Price Realized: $ 4,500
?Final Price Realized includes Buyer’s Premium added to Hammer Price
Estimate: $ 1,000 - $ 1,500
(DISTRICT OF COLUMBIA.) Legal fee book and ledger of William Hammond Dorsey, the builder of Dumbarton Oaks. 220 manuscript pages (128 from 1785-91, and 92 from 1807-09). 4to, original stiff vellum, spotted and slightly bowed; one leaf detached, numerous leaves torn out, short tape repair to first leaf. Vp, 1785-91 and 1807-09

Additional Details

William Hammond Dorsey (1764-1818), son of a wealthy industrialist, began practicing law in Georgetown (then part of Maryland) in 1785. With the incorporation of Georgetown into the District of Columbia in 1791, he invested heavily in land. In 1800, he purchased an undeveloped 700-acre tract from the Beall family called "The Rock of Dumbarton." On this land he built a substantial manor house, but due to financial reverses and the death of his wife, he was forced to sell the property to Robert Beverly in 1805. He soon relocated to Baltimore and continued the practice of law until his death in 1818. Meanwhile, his Dumbarton estate was expanded over the years, and in 1940 was donated to Harvard University as the Dumbarton Oaks Research Library and Collection.

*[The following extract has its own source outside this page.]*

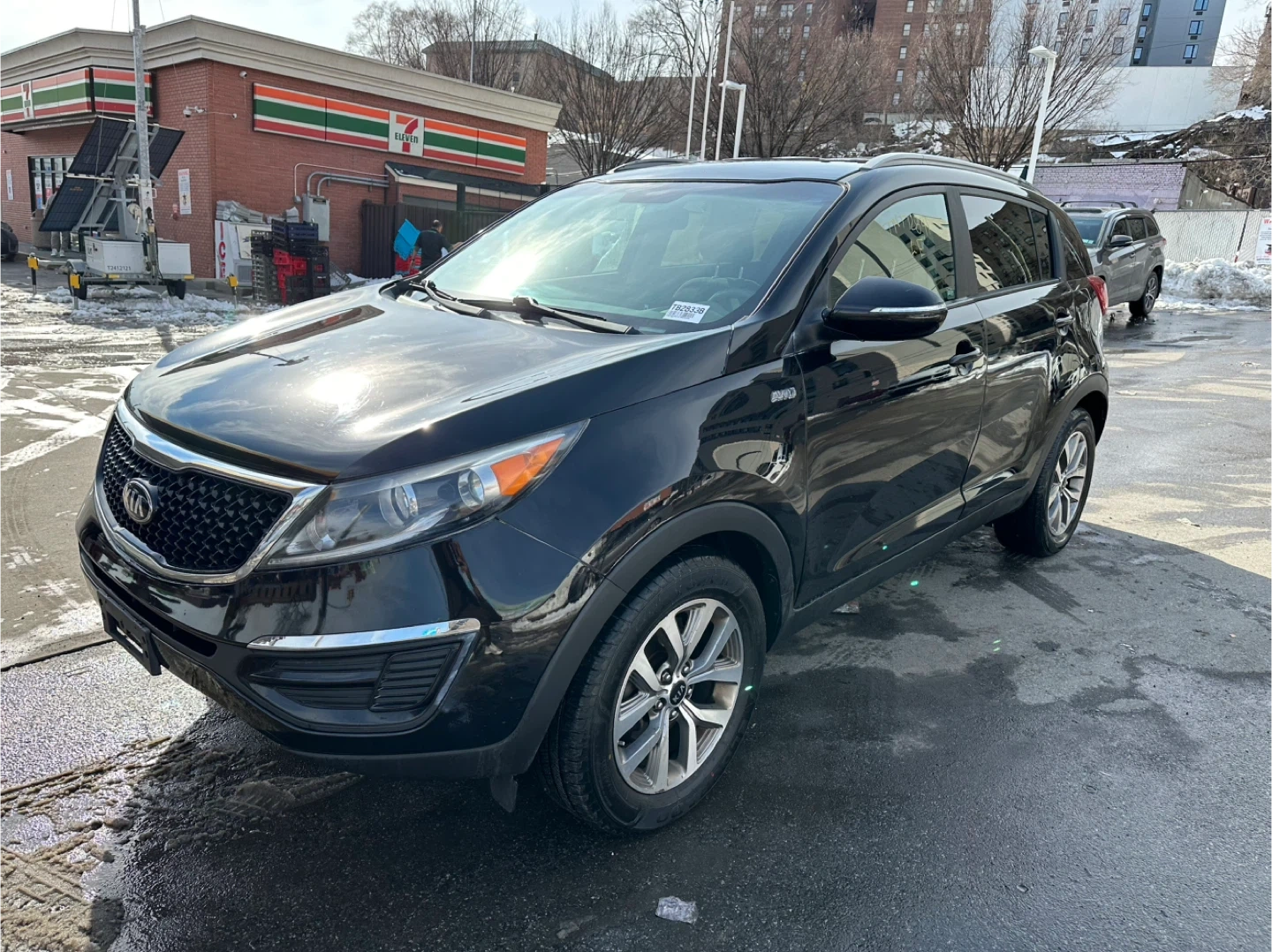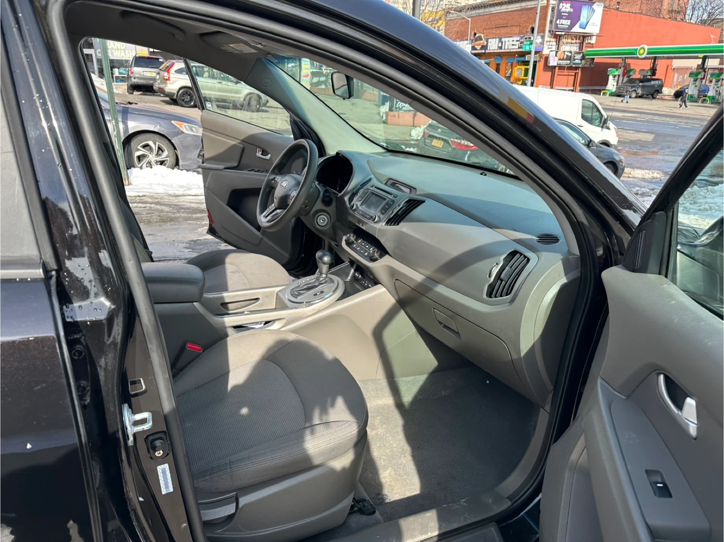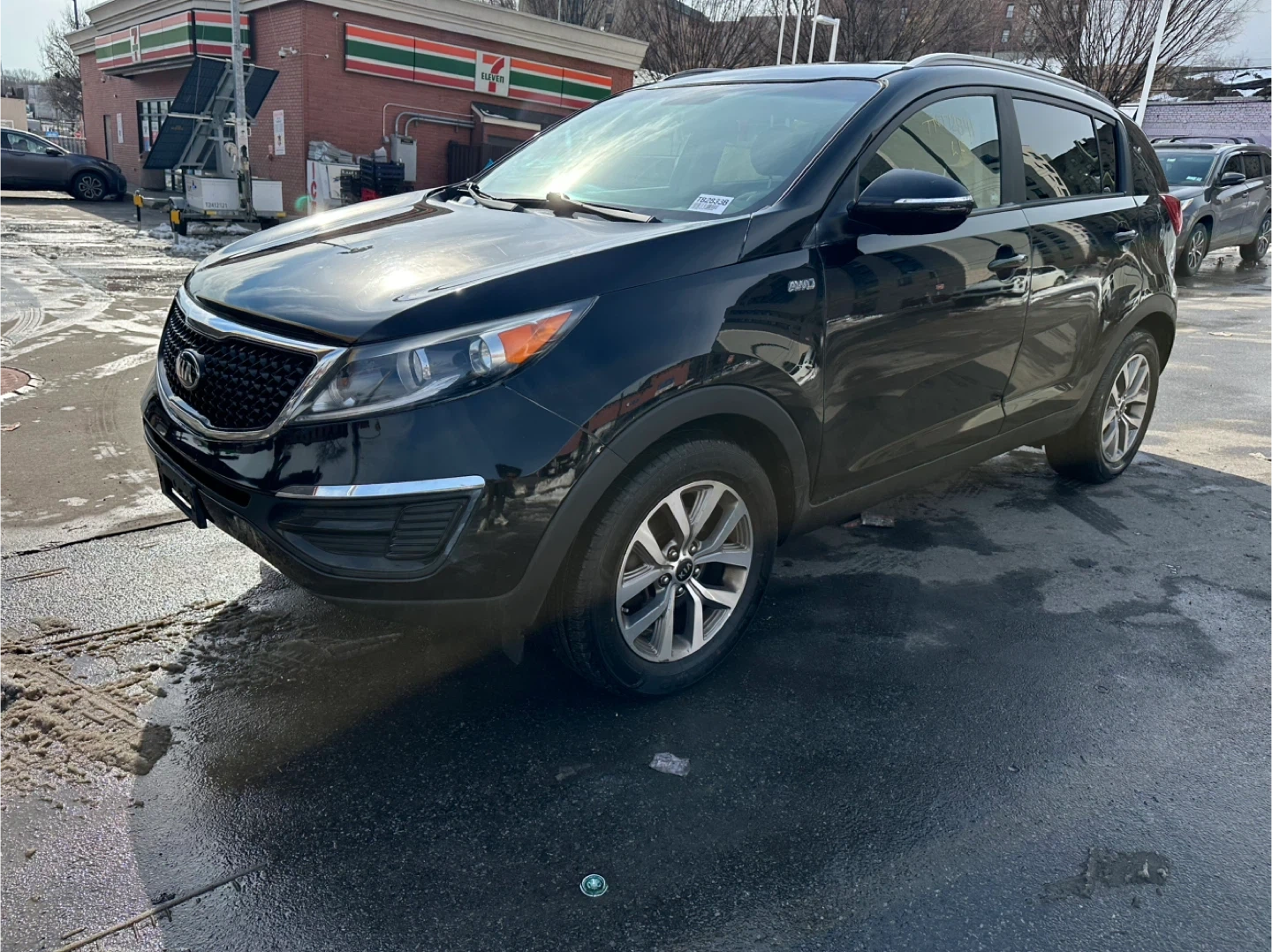 Black 2014 Kia Sportage EX with gray cloth interior. It's powered by a 2.4L GDI engine. Odometer shows 115,00 miles. Clean interior and engine bay.

This volume was originally used as Dorsey's fee book from 1785 through 1791, Hundreds of cases are listed here: first a general alphabetical list of clients and their fees for 1785 and 1787, and then similar alphabetical lists arranged by year, 1787-91, with a separate list for cases handled in nearby Prince George's County. Clement Biddle, who had been Commissary General at Valley Forge, was a very regular customer. Benjamin Harrison (possibly the signer of the Declaration of Independence) also makes a 1786 appearance. Dorsey also represented a Thomas West in a 1789 suit against Alexander Hamilton, and then represented Hamilton in 1790.

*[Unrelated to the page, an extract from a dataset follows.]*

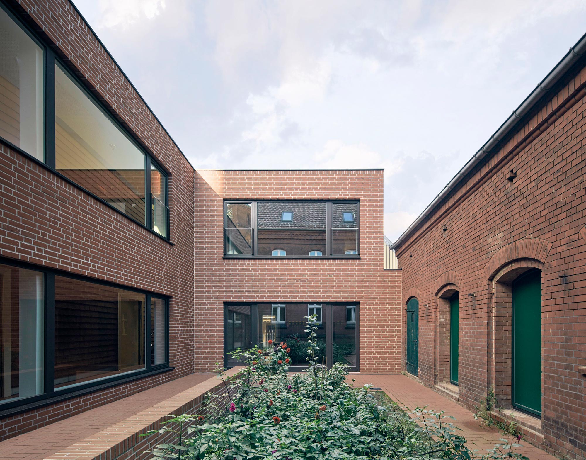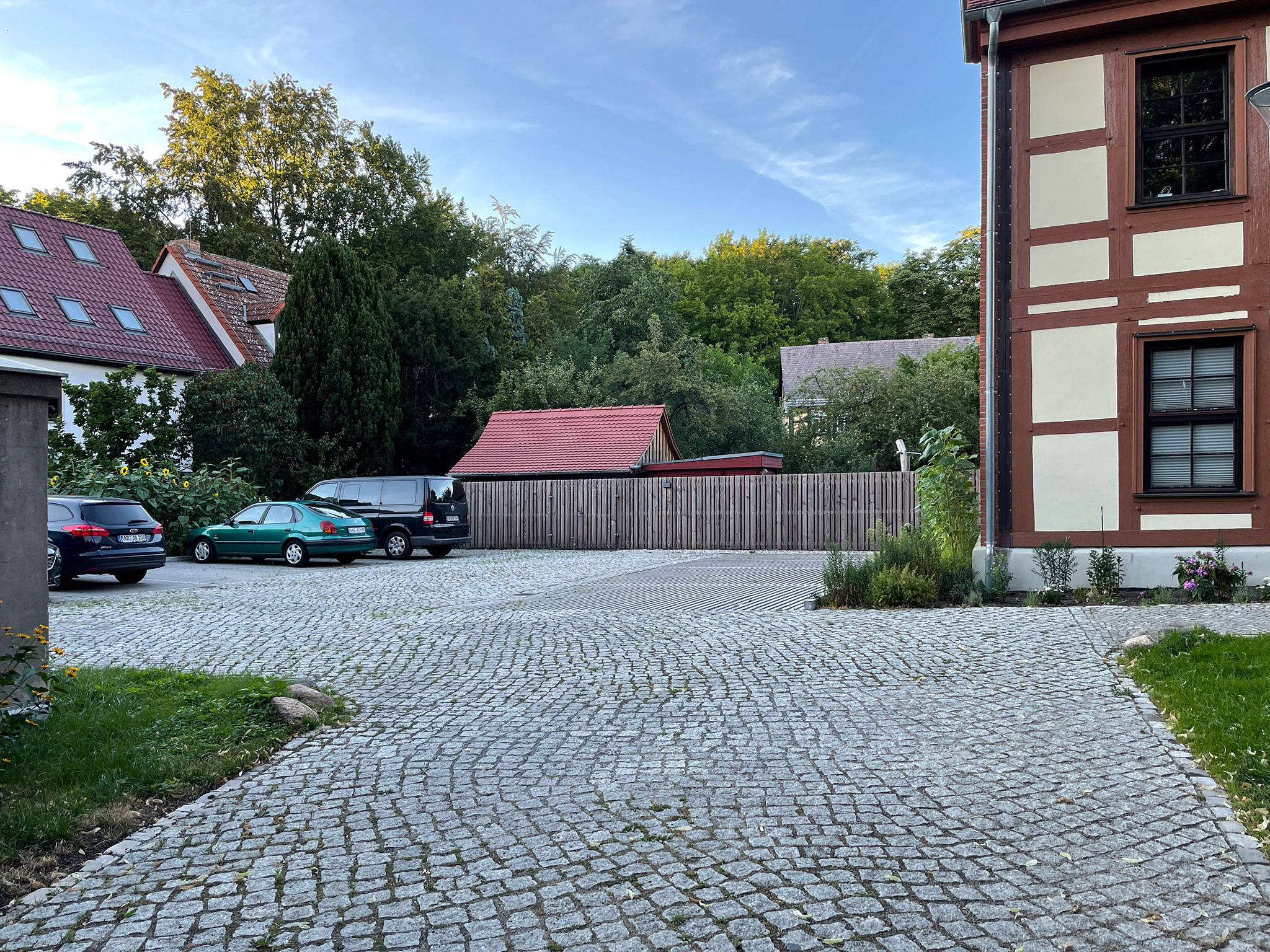 Zusammen mit einem kleinen Patio und der gartenseitigen Terrasse bietet das Ensemble mehrere Orte des Aufenthalts im Freien. Der westliche Grundstücksbereich bietet neben PKW-Stellplätzen auch die Entsorgungsstation sowie den (Privat)Zugang in den Garten.

The book went unused for several years, and was pressed back into action as a general ledger and memorandum book from 1807 to 1809. This section includes accounts for tenants on Dorsey's lands, his extensive bills payable, and his accounts with his father. An inventory of his property in 1807 is presented in table form, itemizing his enslaved people and livestock at each of his four properties; he owned a total of 122 slaves. Among the notables mentioned in this period are Maryland founding father Luther Martin, then serving as a judge in Baltimore, who held several of Dorsey's promissory notes. Provenance: according to a note found in the volume, by descent to Dorsey's great-grandson Vernon M. Dorsey (1869-1954); thence by descent to his grandson Sidney Field Parham Jr. (1918-1996).